C’è la varicella. Oddio. Sì, il mio ieri aveva dei puntini. Il mio le pustole. Incrocio tutte le dita! Chi mette qualche punto esclamativo, chi le faccine itteriche degli emoji. Quando avevo appena scoperto la gravidanza c’era stato l’asilo chiuso per assemblea, su questa stessa chat le madri in delirio, oddio che disastro. No guarda, i veri disastri sono altri. Vorrei tornare a quel guaio, mentre davanti alle apparizioni puntiformi sui visi dei bambini altrui penso uguale ad allora: i veri guai sono altri.

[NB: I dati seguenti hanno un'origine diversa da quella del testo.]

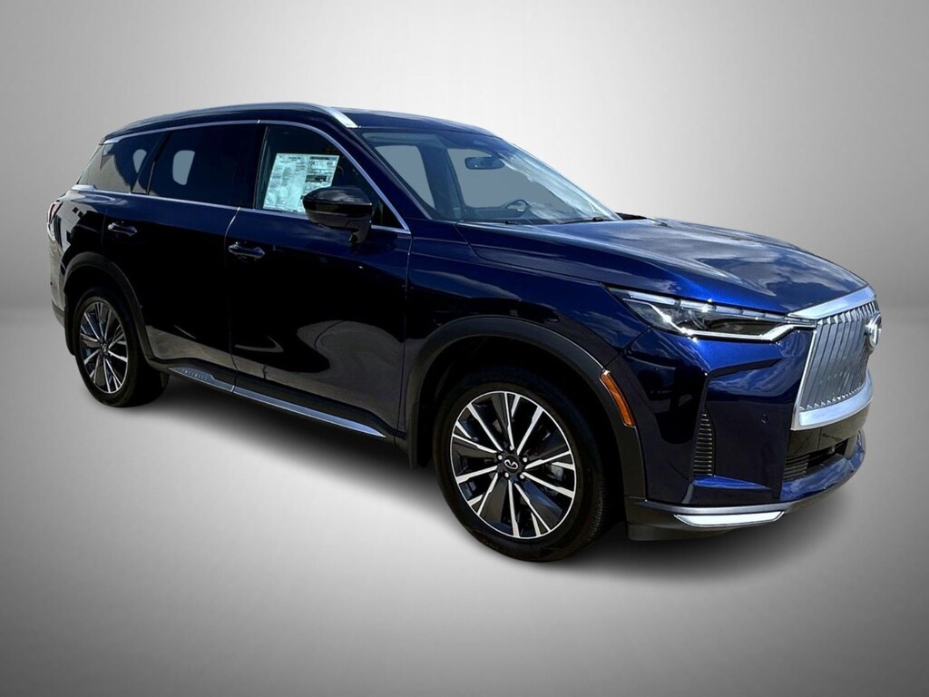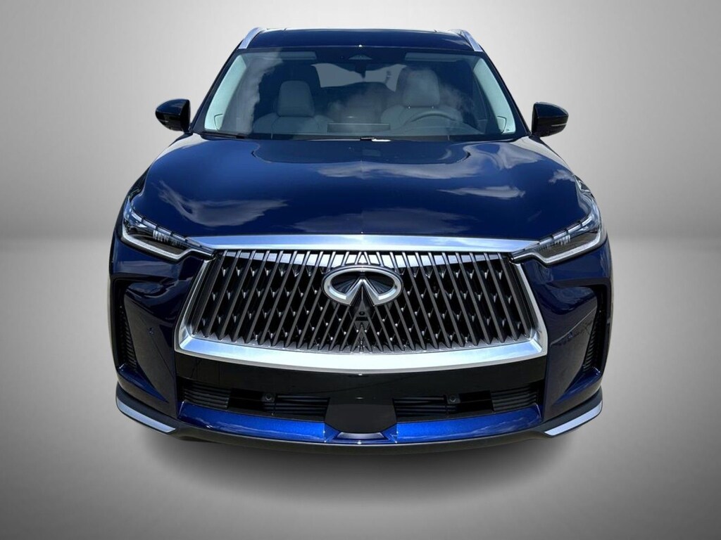 Grand Blue 2026 INFINITI QX60 AWD 9-Speed Automatic Intercooled Turbo Premium Unleaded I-4 2.0 L/122 17 Speakers, 3rd row seats: bench, 4-Wheel Disc Brakes, ABS brakes, Air Conditioning, Alloy wheels, AM/FM radio: SiriusXM with 360L, Anti-whiplash front head restraints, Apple CarPlay/Android Auto, Auto High-beam Headlights, Auto tilt-away steering wheel, Auto-dimming door mirrors, Auto-dimming Rear-View mirror, Automatic temperature control, Bose Performance Series 17-Speaker Sound System, Brake assist, Bumpers: body-color, Cargo Package, Clear Rear Bumper Film, Climate Controlled Front Bucket Seats, Delay-off headlights, Driver door bin, Driver vanity mirror, Dual front impact airbags, Dual front side impact airbags, Electronic Stability Control, Emergency communication system: INFINITI InTouch, Four wheel independent suspension, Front anti-roll bar, Front Bucket Seats, Front Center Armrest, Front dual zone A/C, Front reading lights, Fully automatic headlights, Garage door transmitter: HomeLink, Heated door mirrors, Heated front seats, Heated rear seats, Heated steering wheel, Illuminated entry, Knee airbag, Leather Shift Knob, Leather steering wheel, Low tire pressure warning, Memory seat, Navigation system: Google Built-in, Occupant sensing airbag, Outside temperature display, Overhead airbag, Overhead console, Panic alarm, Passenger door bin, Passenger vanity mirror, Power door mirrors, Power driver seat, Power Liftgate, Power moonroof: Panoramic, Power passenger seat, Power steering, Power windows, Premium Paint, Radio data system, Radio: Klipsch Premium Audio System, Rain sensing wipers, Rear air conditioning, Rear anti-roll bar, Rear reading lights, Rear seat center armrest, Rear side impact airbag, Rear window defroster, Rear window wiper, Reclining 3rd row seat, Remote keyless entry, Security system, Silver Roof Rail Crossbars, Speed control, Speed-sensing steering, Speed-Sensitive Wipers, Splash Guards (B92), Split folding rear seat, Spoiler, Steering wheel memory, Steering wheel mounted audio controls, Tachometer, TailorFit-Appointed Seating Surfaces, Telescoping steering wheel, Tilt steering wheel, Traction control, Trip computer, Turn signal indicator mirrors, Variably intermittent wipers, Ventilated front seats, Wheels: 20" x 8J Machined Aluminum Alloy.

La prospettiva nella vita è esattamente come quella delle vie, degli scorci dei pittori e dei fotografi. È un’inquadratura. Tu ti sposti e cambia tutto.

Per quello ho scritto «giro girotondo casca il mondo casca la terra» in apertura del mio libro. Per questo siamo tutti giù per terra.

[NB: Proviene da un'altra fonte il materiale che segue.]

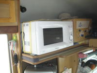高出力のインバーターが無いため、利用時は発電機を運転しなくてはならないという制約がありますが、連泊時はサブへの充電で連続運転しておく必要があり、あまり不便は感じない。 Eu9iで問題なく動くように出力500W(消費電力950W)のサムスンレンジ(KM-BP5J2)を探して購入した。 Eu9iのエコモードでも止まらずに出力を上げて動作するので、充電時も手間いらずで重宝する。 サムスンレンジは家電量販店で、\5.,000-前後で購入した。 周波数自動切換え機能が無いため、Eu9i側を50Hzに切り替える必要があった。 |

I bambini stanno bene, Sarah ha fatto un disegno incredibile: c’è un filo rosa, questo è vero, è di lana, rubato a un gomitolo che papà l’aveva portata a comprare dai cinesi. E poi ci siamo noi. La prima figura è il bebè: sorride. Il filo fa un’asola attorno a quel piccolo in fasce che racchiude un cuore, due scritte: BUM BUM. Poi sale, circonda me e papà: abbiamo i denti che zigzagano le bocche nella paura. Quindi circonda un bimbo triste, due occhi chiusi da un tratto blu come il resto di questa figura. E una bolla incerta, che trema e scende: è il piccolo che scivola via, dice. Infine mamma e papà piangono, il filo rosa passa attorno a loro e si chiude sulla terra e la scritta BABY. La sepoltura. Non ne parlano, nemmeno Mathias e io ne parliamo molto, così ci sembra. Però Sarah ci dice, ieri: “Basta parlare del bambino!”

Qualcuno parla di cicli di vita. Non sono sicura che mi piaccia. Anzi direi l’opposto.

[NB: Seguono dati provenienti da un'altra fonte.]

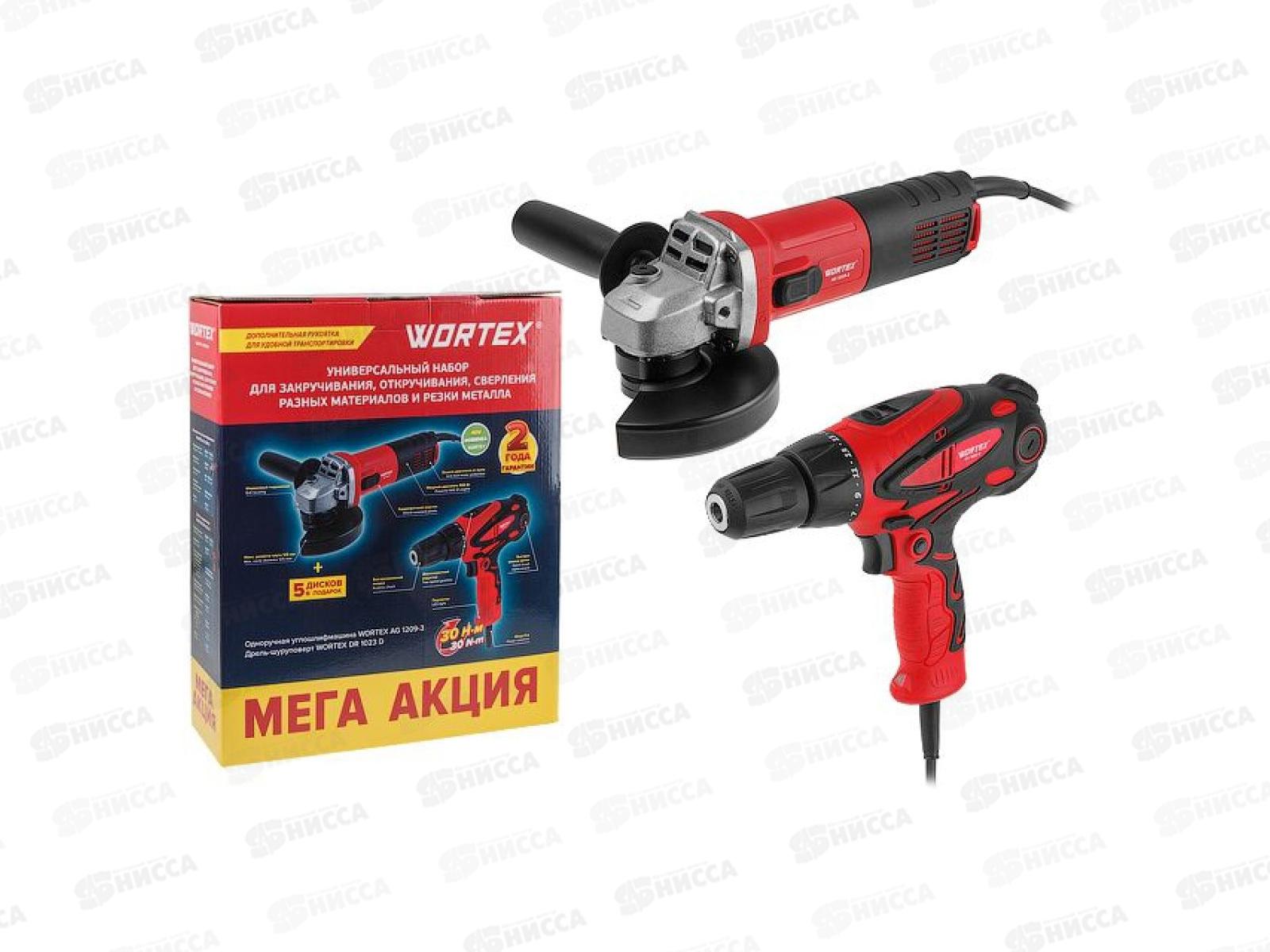 Код:574992; Набор электроинструмента WORTEX одноручная ушм + аккум. дрель-шуруповерт в коробке

Il concetto di ciclo presuppone un inizio e una fine.

Adesso quella fase si chiude. Come nei Capodanni. Preferisco ragionare per progressioni, per flow, scorrimenti.

Se pensi al viaggio niente comincia. Ma nulla finisce.

Siamo solo girotondi, un po’ si cade, un po’ si gira.

 

***

 

Diventi molto sensibile al dolore degli altri. Diventa che ogni solco sul loro orto è un tuo solco, si mette accanto alla tua ruga e non lo so se è un bene: l’unione non fa la forza, fa da amplificatore. Due minuti fa su Facebook c’era il Buon Anno dedicato a chi non c’è più. Basta un piccolo cenno, come questo, e dentro c’è il boato. Una specie di stadio feroce.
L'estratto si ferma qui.